— EXERCISE DATA —
################

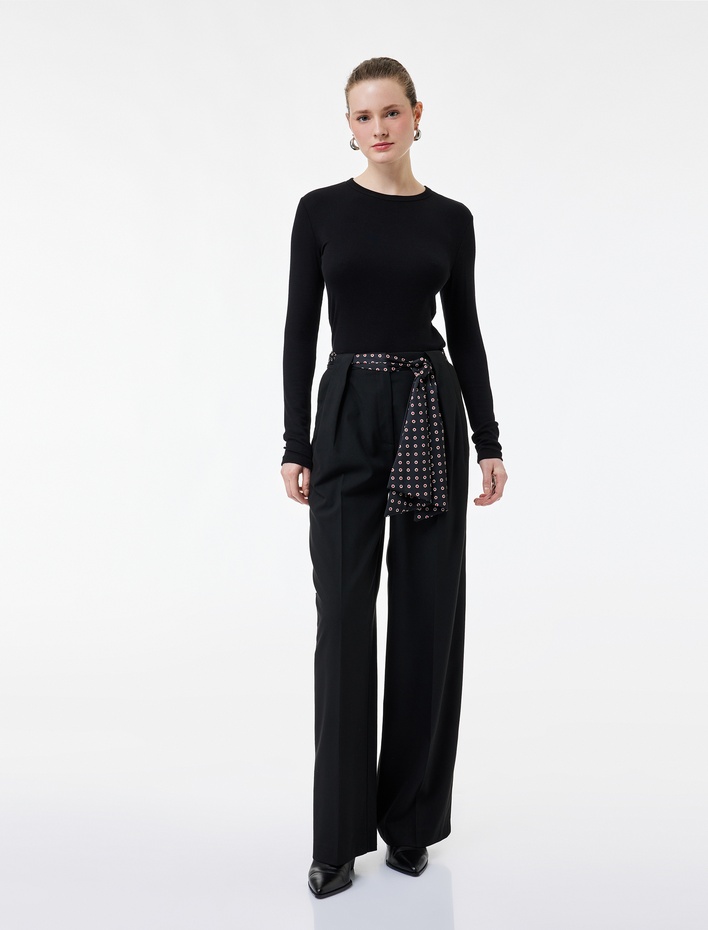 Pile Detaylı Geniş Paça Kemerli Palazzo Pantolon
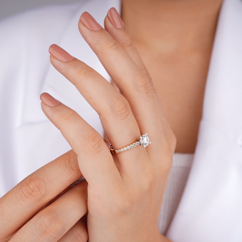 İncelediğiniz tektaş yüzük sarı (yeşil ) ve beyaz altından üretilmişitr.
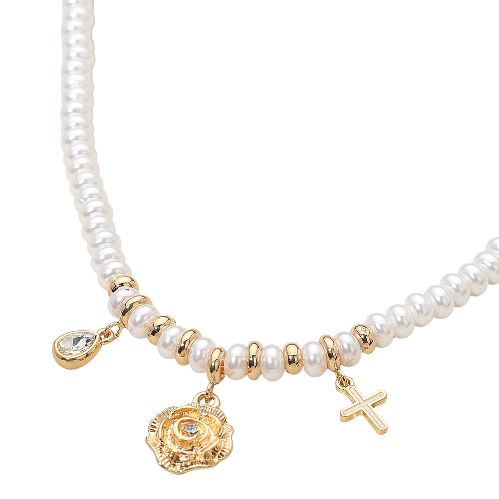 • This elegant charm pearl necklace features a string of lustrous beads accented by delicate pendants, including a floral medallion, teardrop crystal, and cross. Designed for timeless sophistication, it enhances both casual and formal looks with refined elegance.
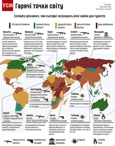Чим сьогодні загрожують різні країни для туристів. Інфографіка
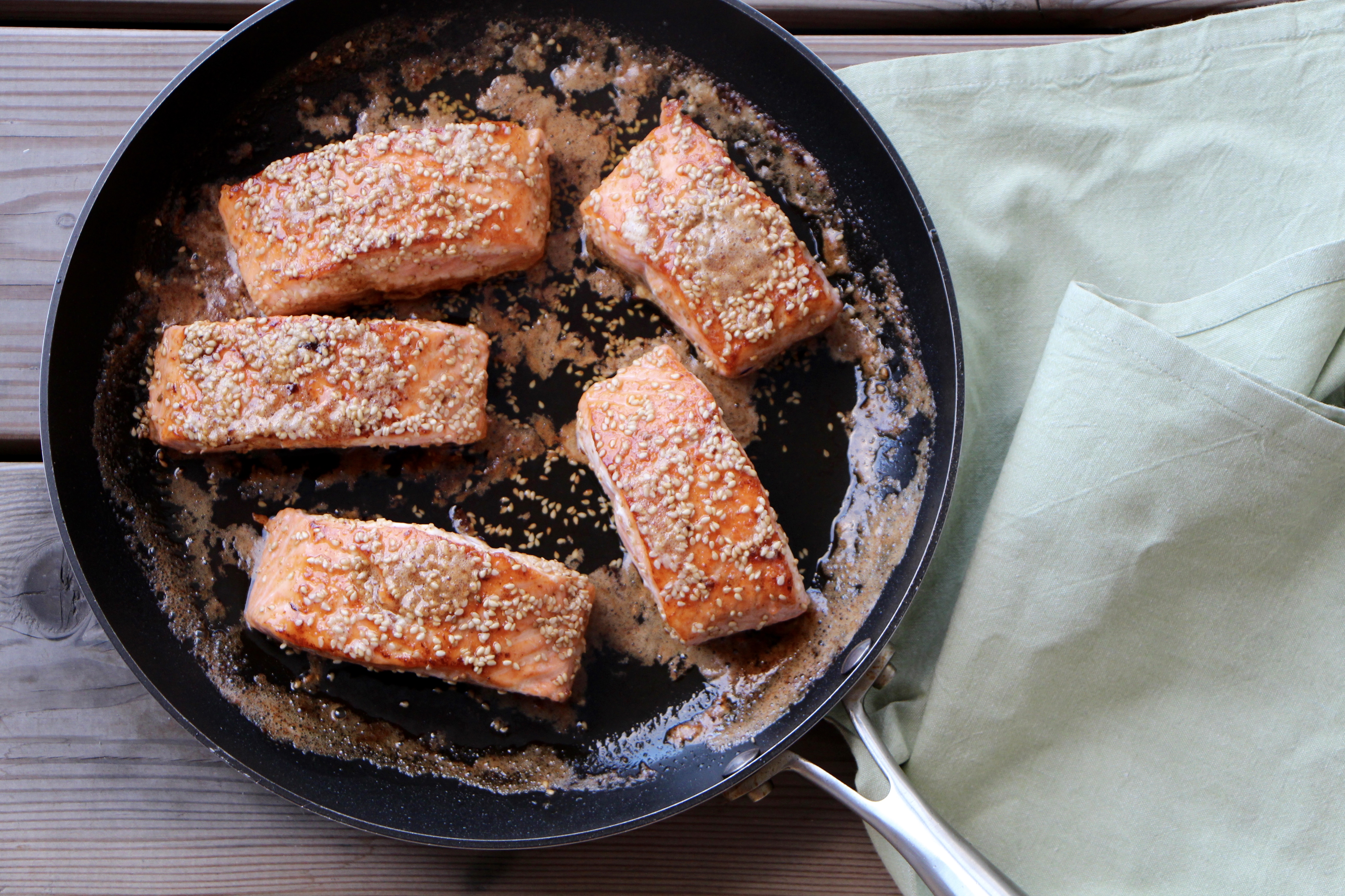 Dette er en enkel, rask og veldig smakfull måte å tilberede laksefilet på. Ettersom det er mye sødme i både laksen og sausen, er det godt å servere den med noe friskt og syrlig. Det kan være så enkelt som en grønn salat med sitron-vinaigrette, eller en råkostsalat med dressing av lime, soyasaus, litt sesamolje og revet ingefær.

################

— REQUIRED ACTION —
What you return should be the exact lines from the one containing "İncelediğiniz tektaş yüzük" through the end of the listing above, both included, minus any pictures.

— ANSWER SECTION —
 İncelediğiniz tektaş yüzük sarı (yeşil ) ve beyaz altından üretilmişitr.
 • This elegant charm pearl necklace features a string of lustrous beads accented by delicate pendants, including a floral medallion, teardrop crystal, and cross. Designed for timeless sophistication, it enhances both casual and formal looks with refined elegance.
Чим сьогодні загрожують різні країни для туристів. Інфографіка
 Dette er en enkel, rask og veldig smakfull måte å tilberede laksefilet på. Ettersom det er mye sødme i både laksen og sausen, er det godt å servere den med noe friskt og syrlig. Det kan være så enkelt som en grønn salat med sitron-vinaigrette, eller en råkostsalat med dressing av lime, soyasaus, litt sesamolje og revet ingefær.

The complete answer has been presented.